Dass es in jeder Gemeinde eine Poststelle gibt, gehört längst der Vergangenheit an – und der Druck auf die noch bestehenden wächst. Das E-Mail verdrängt den Brief – an den Schaltern ging die Briefpost in den vergangenen 15 Jahren um 63 Prozent zurück. Erst vergangene Woche fanden Gespräche zwischen der Post, den Gemeinden und dem Kanton statt, wie unserer Zeitung zugetragen wurde. «Wir sind in den Dialog getreten, um die Bedürfnisse des Kantons und der Gemeinden aufzunehmen», erklärt Stefan Kriz, Leiter Verkaufsgebiet Zentralschweiz bei der Post.

Er streitet nicht ab, dass es auch in Uri bald weitere Schliessungen – oder wie er es bezeichnet «Umwandlungen» – von Poststellen geben wird. «Zurzeit befinden wir uns aber in einem Vernehmlassungsverfahren. Wir warten zunächst die Rückmeldungen aus den Gemeinden ab, bis ein Entscheid fällt», so Kriz.

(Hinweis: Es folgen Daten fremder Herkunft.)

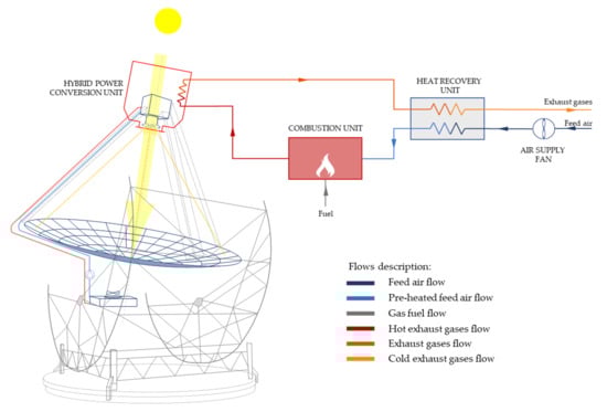 The operation of the hybrid dish-Stirling system (see Figure 1) employs high-temperature gases produced by the oxidation reaction of the fuel gas in the presence of air in the combustion chamber. These gases flow towards the power conversion unit (PCU) providing the high-temperature thermal power required for running the Stirling engine. In this way, the working fluid (hydrogen, air, or helium) reaches its nominal temperature and pressure conditions necessary to evolve inside the Stirling engine and perform the thermodynamic transformations of the homonymous cycle. Downstream of the heat exchange in the PCU, the still hot exhaust gases are sent to a heat recuperator in order to preheat the countercurrent feed airflow.

Bis im Jahr 2020 soll es in der ganzen Schweiz total nur noch 800 bis 900 traditionelle Poststellen geben. Heute sind es rund 1400. Die Summe der sogenannten Zugangsmöglichkeiten soll sich aber nicht ändern, sondern tendenziell eher vergrössern. «Die Post wird in Zukunft ersatzlose Schliessungen von traditionellen Poststellen vermeiden. Sie stellt in jedem Fall alternative Lösungen zur Verfügung», so Kriz. Neben den Agenturen, die heute im Kanton Uri schon in diversen Dorfläden untergebracht sind, könnte es bald schon unbediente Zugangsmöglichkeiten geben, wie Kriz verrät. An so genannten My-Post-24-Automaten könnten Pakete rund um die Uhr aufgegeben und abgeholt werden. «Es sind Lösungen gefragt, die für den Kunden viel flexibler sind, weil er nicht mehr an Öffnungszeiten gebunden ist.»

Mit Sozialplänen vorbereitet

Doch verdrängen die Automaten nicht Arbeitsplätze? «Es braucht an der Front sicher weniger Personal, doch wir brauchen die Leute an anderen Orten – beispielsweise in der Administration», sagt Kriz. Sollte es dennoch zu Personalabbau kommen, werde man dies «so sozialverträglich wie möglich gestalten», versichert er. «Wir versuchen, das mit natürlicher Fluktuation und Pensionierungen aufzufangen. Bei möglichen Entlassungen können wir auf sehr gute Sozialpläne zurückgreifen», so Kriz.
Und wie wird die weniger technikaffine Generation auf die Automaten reagieren? «Ich stelle fest, dass die älteren Leute technikaffiner sind, als wir sie manchmal sehen wollen», sagt Kriz. Die Post sei aber auch bemüht darum, mit gut geschultem Personal der Kundschaft bei der Bedienung solcher Gerätschaften in der Anlaufzeit behilflich zu sein.

«Es ist nachvollziehbar, dass die Post nach zeitgemässeren Angeboten sucht», sagt Volkswirtschaftsdirektor Urban Camenzind. «Oberste Priorität muss dabei ein gut funktionierendes Netz sein, damit der Service public gewährleistet ist.» Wichtig ist für ihn, dass sich die Gemeinden bei der Umgestaltung des Postsystems einbringen können. Der Kanton übernehme eine Koordinationsrolle. «Es ist wichtig, dass man beginnt, über die Gemeindegrenze hinaus zu denken und nach Lösungen für ganze Regionen zu suchen», so Camenzind. Bei den Gesprächen diese Woche seien aus den Gemeinden viele innovative Ideen entwickelt worden, erzählt Camenzind. «Uns ist aber bewusst, dass wir kein rechtliches Mitspracherecht haben», weiss er. Deshalb seien solche Verhandlungen umso wertvoller.

«Die Ideen aus den Gemeinden nehmen wir sehr ernst», sagt Stefan Kriz. Die Entscheidungskompetenz liegt jedoch bei der Post. Entscheide können aber bei der Postcom, der unabhängigen Regulierungsbehörde im Postmarkt, angefochten werden.